Выпускник Киевской духовной академии, хитрый и умный малоросс сделал блестящую карьеру при Екатерине II. В 1775 году, по рекомендации фельдмаршала и графа П.А. Румянцева (1725–1796), Безбородко был назначен к Императрице секретарём по принятию прошений на Высочайшее имя. В 1780 году Екатерина привлекла Безбородко к обсуждению вопросов внешней политики. Он был причислен к Коллегии иностранных дел и фактически сменил Никиту Ивановича Панина на этом посту, хотя формально главой внешнеполитического ведомства состоял граф И.А. Остерман (1725–1811); Безбородко же числился только вторым членом Коллегии. В 1786 году Безбородко был введен в состав «Совета при Её Императорском Величестве» и стал одним из самых доверенных лиц.
Уместно заметить, что после смерти Екатерины именно Безбородко передал Императору Павлу бумаги, касающиеся деятельности по отстранению его от Престола, чем и завоевал расположение. Безбородко получил должность государственного канцлера, был возведён в княжеское достоинство и щедро награждён поместьями.

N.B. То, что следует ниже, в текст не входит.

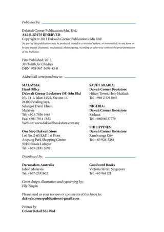 This document provides information about a book titled "30 Hadith for Children" including an introduction describing the hadiths selected for the book and lessons that can be learned from them. It contains the hadiths themselves translated into English along with summaries and discussion questions for each hadith. The book is intended to teach children about hadiths of the Prophet Muhammad in an easy way together with their parents or teachers.
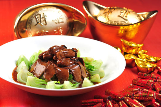 廣東人把年夜飯稱為“團(tuán)年飯”,不但飯菜品種豐富,而且很講究意頭。一家人吃團(tuán)年飯前要先祭祖或拜神,香燭燒完才開飯。席上一般有雞(寓有吉)、魚(寓年年有余)、蠔豉(寓好市)、生菜(寓生財(cái))、腐竹(寓富足)、蒜(寓會(huì)計(jì)算)等以求吉利。廣東有的地方在吃團(tuán)年飯時(shí),若有新婚夫婦,會(huì)多擺一副碗筷,取來年添丁吉意。
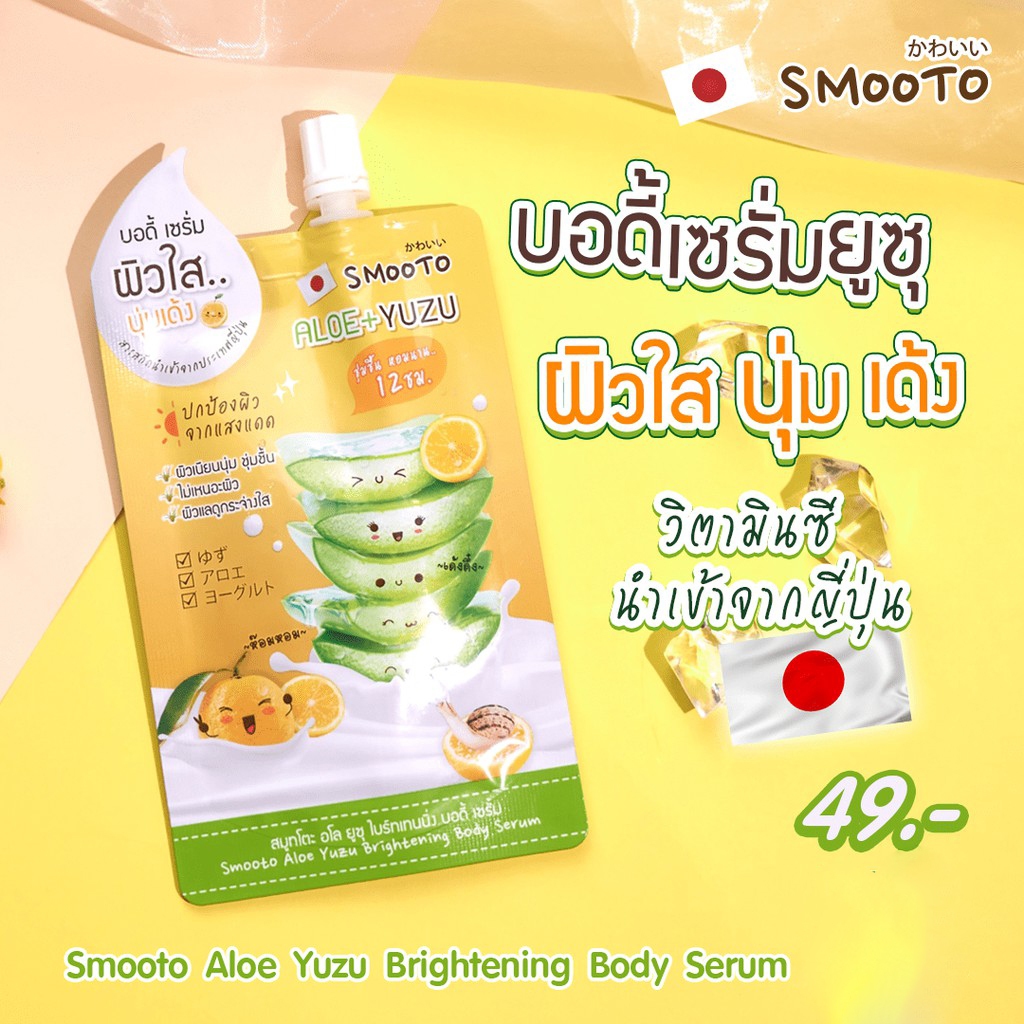 (6ซอง/กล่อง) Smooto Aloe Yuzu Boby Serum สมูทโตะ อโล ยูซุ ไบร์ทเทนนิ่ง บอดี้ เซรั่ม (3079)
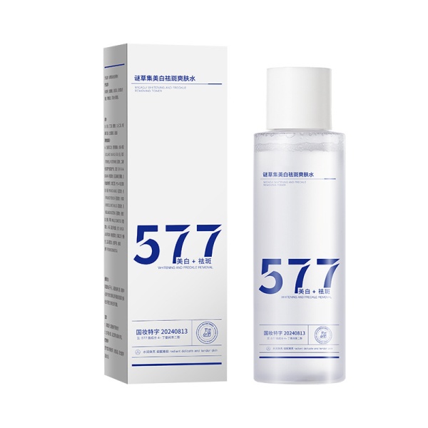 商品属性 [产地] 广州 [保质期] 3年 [化妆品功效] 美白,补水保湿 [品牌类型] 国货品牌 [是否跨境出口专供货源] 否 [是否进口] 否 [特妆产品名称] 谜草集美白祛斑爽肤水 [特殊用途化妆品] 是 [特殊用途化妆品证号] 国妆特字20240813 [适用人群] 女士,男士 [适用肤质] 中性,干性,混合性
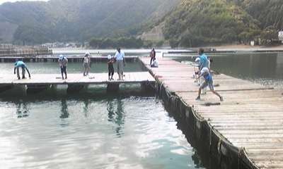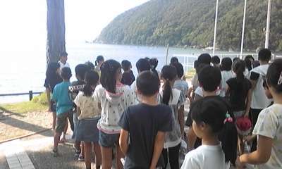 若狭湾青少年自然の家での入所式をすませ,これからオリエンテーションです。
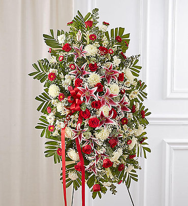 Filled with red roses and lily this funeral standing spray is a beautiful way to celebrate a life well lived filled with lots of love. Hand made at our flower shop with ruby red roses, radiant stargazer lily, white carnations and mums. This will express your condolences to your loved one.
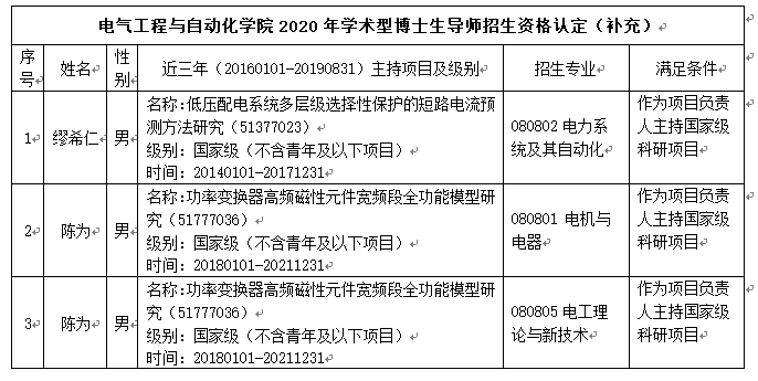 根据《关于开展2020年博士生指导教师招生资格认定工作的通知》(校研〔2019〕36号)和《偷拍视频 博士生指导教师资格认定办法(试行)》(福大研〔2018〕24号》,经各位博导自行系统申报,学位点负责人审核,学院学术分委员会会议审核通过后,补充偷拍视频 获得2020年博士生指导教师招生资格名单如下,现予以公示,公示时间为2019年10月10日----2019年10月12日。
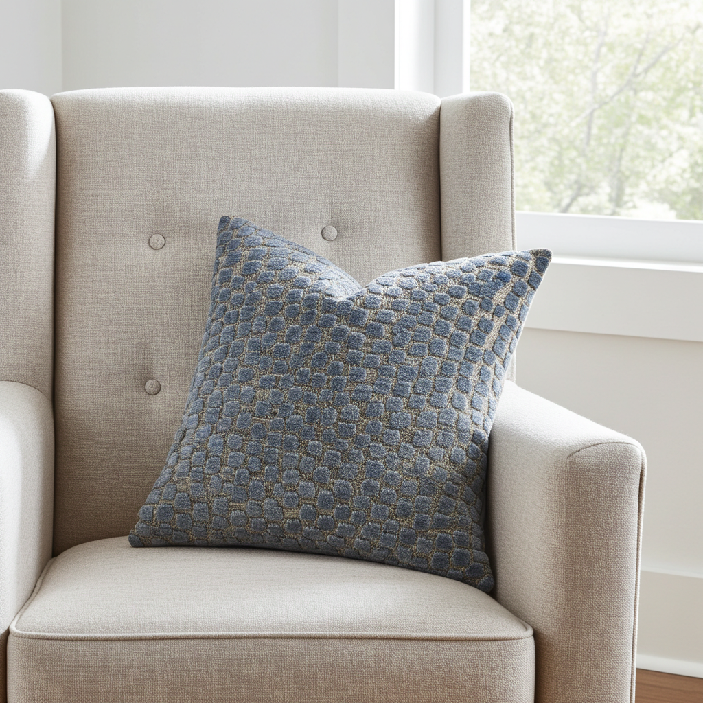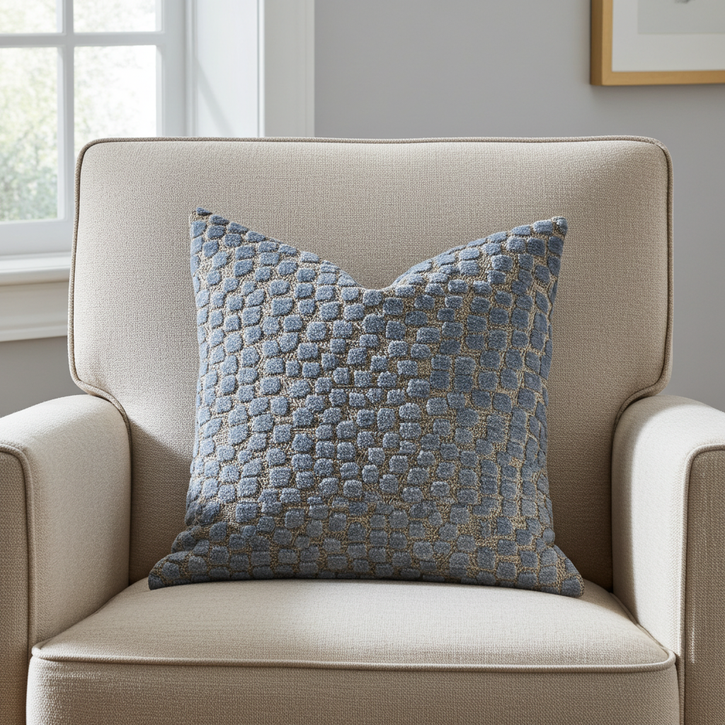 If eyes are the windows to the soul, then this decorative pillow is the windows to the design beauty of one’s dream. Add a special touch of texture and comfort to your living space with this designer dusky gem blue and silver luxury throw pillow. The fabric of this luxury pillow is a blend of Polyester and Viscose.
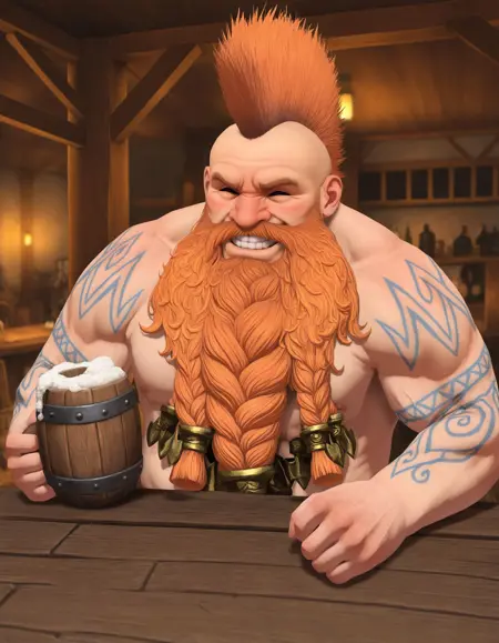 DwarfSlayer, 莫霍克发型, 橙色头发, 文身,
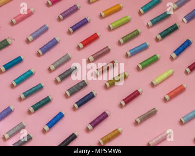 Thread spools pattern on pink background with copy space Stock Photo ...
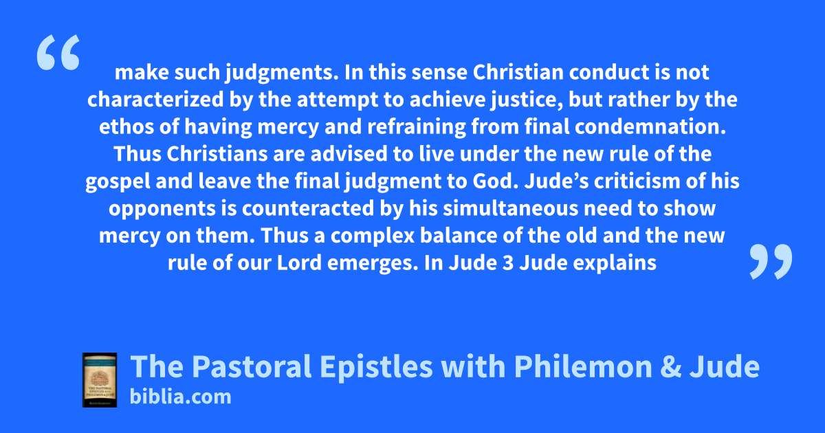 make such judgments. In this sense Christian conduct is not characterized by the attempt to achieve justice, but rather by the ethos of having mercy and refraining from final condemnation. Thus Christians are advised to live under the new rule of the gospel and leave the final judgment to God. Jude’s criticism of his opponents is counteracted by his simultaneous need to show mercy on them. Thus a complex balance of the old and the new rule of our Lord emerges. In Jude 3 Jude explains
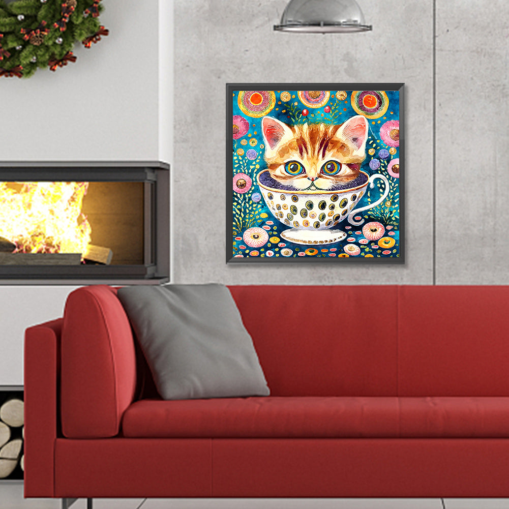 Cat In Teacup - Full Round Drill Diamond Painting 30*30CM
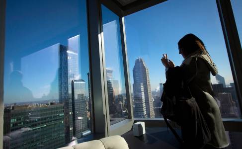 A journalist takes a photo out a window of a new hotel room in a Marriott Hotel in New York January 7, 2014. Marriott has built a combination Residence Inn and Courtyard by Marriott in the same 68 floor building making it the tallest, all hotel building in the U.S. REUTERS/Carlo Allegri (UNITED STATES - Tags: BUSINESS MEDIA)

Так вот, на собрании Совета, имевшем место через несколько месяцев после женитьбы Александра Павловича, Безбородко произнёс монолог, который мог стоить карьеры; все ведь знали о желании Императрицы. Он заявил о возможных «худых последствиях» для Отечества подобного решения, так как «вся Россия привыкла почитать Наследником сына Её Величества». Екатерина быстро закрыла дискуссию; единогласия не было, а возражения она слушать не хотела.
Конечно, отдельные голоса несогласных Екатерину никогда бы не остановили; её смущало другое: позиция самого Александра, о чём звучали вопросительные голоса в Совете. В ответ сказать было нечего; ясной определённости не существовало. Она знала, что Александр не раз высказывался критически против «гатчинских порядков», но при этом постоянно бывал в Гатчине и, как ей не раз передавали, маршировал со всеми прочими на плацу с видимым усердием. Бабушка приписывала эту двойственность «юному характеру» и вознамерилась воздействовать на внука с той стороны, с которой он был воздействию восприимчив. Она обратилась к Лагарпу, «демократические» настроения которого были хорошо известны.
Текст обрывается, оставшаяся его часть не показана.